However, in countries like Lesotho, Tanzania, and Uganda, HIV incidence has begun to plateau or increase. The revised World Health Organization Antiretroviral Treatment (ART) guidelines--to initiate ARVs early and to offer them to all people living with HIV--is predicted to lead to even more substantial decreases.4

Existing mHealth Innovations

Because mobile phones are so prevalent throughout the continent, the most effective means of helping reduce infections in Africa is the use of mobile phone technologies (mHealth) to facilitate improved HIV-related healthcare. There are 650 million mobile subscribers in Africa, and the market expands annually. The website mHealth Africa provides the following graphic that shows the breakdown of subscribers by nation. Two of the four nations with the highest number of subscribers are the Sub-Saharan nations of Nigeria and South Africa.

Simultaneously, this map by The New York Times shows that only 16% of Africans have Internet access, with the usage rate at about 1.5% on average in individual African nations. Total smartphone penetration in Africa is estimated to be between 17-19%, though rates vary significantly from country to country. Mobile telecommunications infrastructure throughout much of Africa is not powerful enough or is too expensive to connect to the Internet.5 Since smartphones are not prevalent enought for adequate saturation of HIV+ or at-risk populations in Africa, cheaper models continue to be used in tandem with social media innovations that have greatly expanded HIV healthcare and prevention. Mobile phones are used for drug adherence, sharing prevention and health messages, alerting patients to available services, gathering data, facilitating health workers' monitoring efficiency, and providing remote diagnoses. 86% percent of all NGO employees are using mobile technology for their work.6

Some of the most promising mHealth interventions in Africa include:

Magpi (formerly EpiSurveyor) from DataDyne, is an easy-to-use, free software that allows health workers to efficiently collect data on treatments and clinic supervision via any kind of mobile phone. Users can quickly create an account, design forms and download them to their phones for speedy data collection and analysis. Since 2009, more than 22,000 users have relied on it to upload more than 10 million pieces of data. Fifteen sub-Saharan African nations use EpiSurveyor for HIV healthcare, in conjunction with the World Health Organization.7 This video gives a brief tutorial on how to use Magpi/EpiSurveyor.

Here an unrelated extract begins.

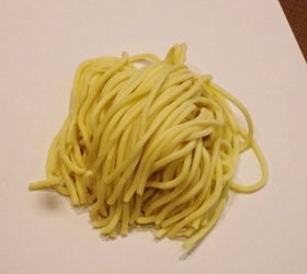 人稱「富山黑」的這道料理,那黑的秘密來自長時間熬煮魚醬,湯汁雖然看起來一片黑,但醬油經過重覆熬煮使得味道更為圓滑,喝起來竟然還蠻清爽的!店家相當自豪的深層水麵也被湯汁染得黑黑的,這可是麵條充份吸收湯汁精華美味的證據啊!

EpiSurveyor/Magpi is the product of a $1 million public/private partnership between the UN Foundation and the Vodaphone Foundation.

Ushahidi is a free and open source software that collects, visualizes and maps interactive information. It employs crowdsourcing, in which end users use mobile phones or the Internet to submit pertinent information, such as reports on health clinics and location of HIV+ individuals in need of care. Submitted data points are then aggregated to produce a geospatial, visual map of information.8 The Kenya AIDS NGO’s Consortium (KANCO), in collaboration with the UK's AIDS Portal, conducted a six-month pilot program to map all civil society organizations (CSOs) in Kenya involved with the HIV/AIDS and tuberculosis epidemics.9 This video provides a basic explanation of how Ushahidi works.

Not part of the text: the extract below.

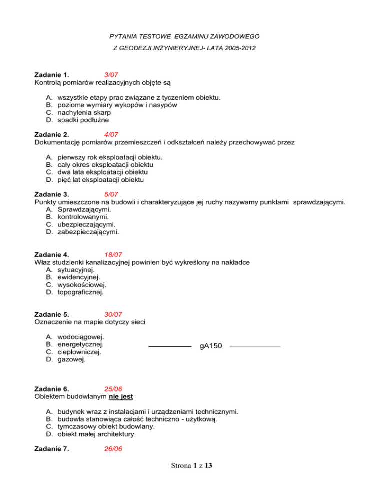 PYTANIA TESTOWE EGZAMINU ZAWODOWEGO Z GEODEZJI INŻYNIERYJNEJ- LATA 2005-2012 Zadanie 1. 3/07 Kontrolą pomiarów realizacyjnych objęte są A. B. C. D. wszystkie etapy prac związane z tyczeniem obiektu. poziome wymiary wykopów i nasypów nachylenia skarp spadki podłużne Zadanie 2. 4/07 Dokumentację pomiarów przemieszczeń i odkształceń należy przechowywać przez A. B. C. D. pierwszy rok eksploatacji obiektu. cały okres eksploatacji obiektu dwa lata eksploatacji obiektu pięć lat eksploatacji obiektu Zadanie 3. 5/07 Punkty umieszczone na budowli i charakteryzujące jej ruchy nazywamy punktami sprawdzającymi. A. Sprawdzającymi. B. kontrolowanymi. C. ubezpieczającymi. D. zabezpieczającymi. Zadanie 4. 18/07 Właz studzienki kanalizacyjnej powinien być wykreślony na nakładce A. sytuacyjnej. B. ewidencyjnej. C. wysokościowej. D. topograficznej. Zadanie 5. 30/07 Oznaczenie na mapie dotyczy sieci A. B. C. D. wodociągowej. energetycznej. ciepłowniczej. gazowej. gA150 Zadanie 6. 25/06 Obiektem budowlanym nie jest A. B. C. D. budynek wraz z instalacjami i urządzeniami technicznymi. budowla stanowiąca całość techniczno - użytkową. tymczasowy obiekt budowlany. obiekt małej architektury. Zadanie 7. 26/06 Strona 1 z 13 Sieci telekomunikacyjne na mapie zasadniczej kreśli się kolorem A. pomarańczowym. B. fioletowym. C. brązowym. D. zielonym. Zadanie 8. 27/06 Jeżeli występują rozbieżności między wynikami pomiarów wykonywanych w trakcie budowy a projektem, fakt ten należy odnotować A. na szkicu tyczenia. B. w dzienniku budowy. C. w dzienniku pomiarowym. D. na szkicu dokumentacyjnym. Zadanie 9. 28/06 Inwentaryzację powykonawczą sieci uzbrojenia terenu wykonuje się na podstawie A. danych branżowych. B. bezpośredniego pomiaru w wykopie. C. dokumentacji projektowej. D. odczytu ułożenia przewodu z mapy. Zadanie 10. 29/06 Ustalenie dokładności wyznaczenia przemieszczeń wynika A. B. C. D. z określenia granicznego błędu wyznaczenia przemieszczeń. ze średniego błędu zastosowanej metody pomiaru. ze sposobu identyfikacji punktów stałych. z błędu pomiaru osnowy. Zadanie 11. 30/06 Na mapie zasadniczej, znakiem umownym oznaczenia armatury naziemnych uzbrojenia podziemnego dla sieci elektroenergetycznej jest e A. e B. en C. n D. En Zadanie 12. 31/06 Rysunek przedstawia typowe rozmieszczenie stanowisk instrumentu do pomiarów budowli A. B. C. D. trasy drogowej. nachylenia terenu. pionowości komina. przewodów podziemnych. Zadanie 13. 32/06 Szkic dokumentacyjny wykonuje się w skali planu realizacyjnego. A. planu realizacyjnego. B. mapy zasadniczej. C. dokumentacji. D. przybliżonej. Zadanie 14. 1/05 Strona 2 z 13 Na przedstawionym obok fragmencie mapy umieszczono zapis „w B 100”. Co on oznacza? A. Przewód wodociągowy w budowie o średnicy 100 mm. B. Istniejący przewód wodociągowy o średnicy 100 mm. C. Przewód podziemny w budowie, położony na głębokości 100 mm. D. Przewód wodociągowy o średnicy 100 mm, ustalony na podstawie materiałów branżowych. Zadanie 15. 8/05 Jaki dokument, sporządzony podczas geodezyjnego opracowania projektu obiektu budowlanego, stanowi podstawę wykonania tyczenia lokalizacyjnego? A. B. C. D. Szkic tyczenia. Projekt konstrukcyjny. Szkic dokumentacyjny. Sprawozdanie techniczne. Zadanie 16. 9/05 Zakres i częstotliwość pomiarów przemieszczeń i odkształceń budowli powinny być określone w A. B. C. D. instrukcji eksploatacji budowli i instrukcji technicznej. projekcie inwestycji i instrukcji eksploatacji budowli. instrukcji technicznej i wytycznych technicznych. projekcie inwestycji i instrukcji technicznej. Zadanie 17. 12/05 Pomiaru powykonawczego przewodów podziemnych dokonuje się A. B. C. D. po zasypaniu wykopu. po zakończeniu prac na terenie budowy. na bieżąco w trakcie układania przewodów. po ułożeniu przewodów w wykopie, ale przed ich przykryciem. Zadanie 18. 31/08 Najbliżej linii zabudowy usytuowania jest sieć A B C Cieplna Gazowa Kanalizacyjna D Telekomunikacyjna Zadanie 19. 32/08 Elementy naziemne uzbrojenia terenu to A. B. C. D. Obiekty inżynierskie zlokalizowane poniżej powierzchni terenu. Części obiektów inżynierskich podziemnych, znajdujących się na powierzchni terenu. Obiekty inżynierski znajdujące się ponad powierzchnią terenu. Części obiektów inżynierskich podziemnych i naziemnych, znajdujących się na powierzchni terenu. Zadanie 20. 33/08 Pomiary geodezyjne wykonywane w czasie budowy nazywane są pomiarami A B C D Odkształceń Realizacyjnymi Przemieszczeń Powykonawczymi Zadanie 21. 34/08 Rezultatem geodezyjnego opracowania projektu jest szkic Strona 3 z 13 A B Polowy C Tyczenia D Tachimetryczny Dokumentacyjny Zadanie 22. 37/08 Promień łuku kołowego wynosi 100m, kąt zwrotu stycznych 100 g. Oblicz długość stycznej T=PW = WK A. 25 m B. 50 m Zadanie 23. C. 75 m D. 100 m 08/09 Dokonując pomiaru rozjazdu kolejowego, należy zamierzyć między innymi jego punkt początkowy, którym jest: A. styk szyn za kierownicami B. styk szyn przed iglicami C. dziób krzyżownicy Zadanie 24. D. ukres 15/09 W jakiej skali wykonuje się mapy do celów projektowych dla działek budowlanych? A. B. C. D. 1:100 1:200 1:500 1:2000 Zadanie 25. 16/09 Osnowę budowlano-montażową stosuje się do: A. B. C. D. Wytyczenia budynku pod wykop. Wytyczenie budynku w wykopie. Tyczenie wskaźników konstrukcyjnych na kolejnych kondygnacjach. Pomiaru kontrolnego stanu zerowego i wpasowania siatki konstrukcyjnej Zadanie 26. 17/09 Zakres i częstotliwość geodezyjnych pomiarów związanych z badaniem przemieszczeń i odkształceń obiektów kolejowych określone są: A. B. C. D. W wytycznych Wydziału Geodezji i Dyrekcji PKP. W projekcie inwestycji i instrukcji eksploatacji budowli i urządzeń. W dokumentacji z pomiaru powykonawczego – zgodnie z potrzebami obiektu. W operacie geodety uprawnionego do geodezyjnej obsługi realizacji obiektu w terenie. Strona 4 z 13 Zadanie 27. 18/09 Szczelinomie

What is the Ushahidi Platform? from Ushahidi on Vimeo.

Medic Mobile (formerly Frontline SMS) is another free, open source software used to distribute and collect information via text messages (SMS). The software lets users connect mobile devices to a computer without Internet and then transmit and receive SMS text messages. If internet access is available, Medic Mobile can be used to send bulk SMS text messages to other web or e-mail services. Starting in 2007 as FrontlineSMS, the technology was first tested in rural Malawi, a nation severely impacted by HIV/AIDS. In a region with only 600 volunteer community health workers (CHWs), the software was used to help with tuberculosis treatment, antiretroviral therapy and home-based care. Texting brought home-based care to 130 patients and saved ART monitors over 900 hours of travel time that would have been expended for adherence updates or delivery of medical advice. By 2010, 1,500 end users linked to clinics serving approximately 3.5 million patients in eleven countries worldwide were benefiting from the technology. Medic Mobile is now also used in Uganda, Mali, Kenya, South Africa and Cameroon.10

Young Africa Live is a free mobile phone platform young people in South Africa can use to chat and learn about sex-related issues such as dating, sex, gender stereotypes, and HIV. It reaches more than 30 million South Africans a month and between its launch in December 2009 and the end of 2012, it had 78 million total page views, 2.7 million total comments, and more than 1.3 million unique visitors.11 To promote HIV testing, it provides links to voluntary counseling and testing centers. Its content is graphically dynamic, as evidenced by this animated video based on the results of an annual youth sex survey.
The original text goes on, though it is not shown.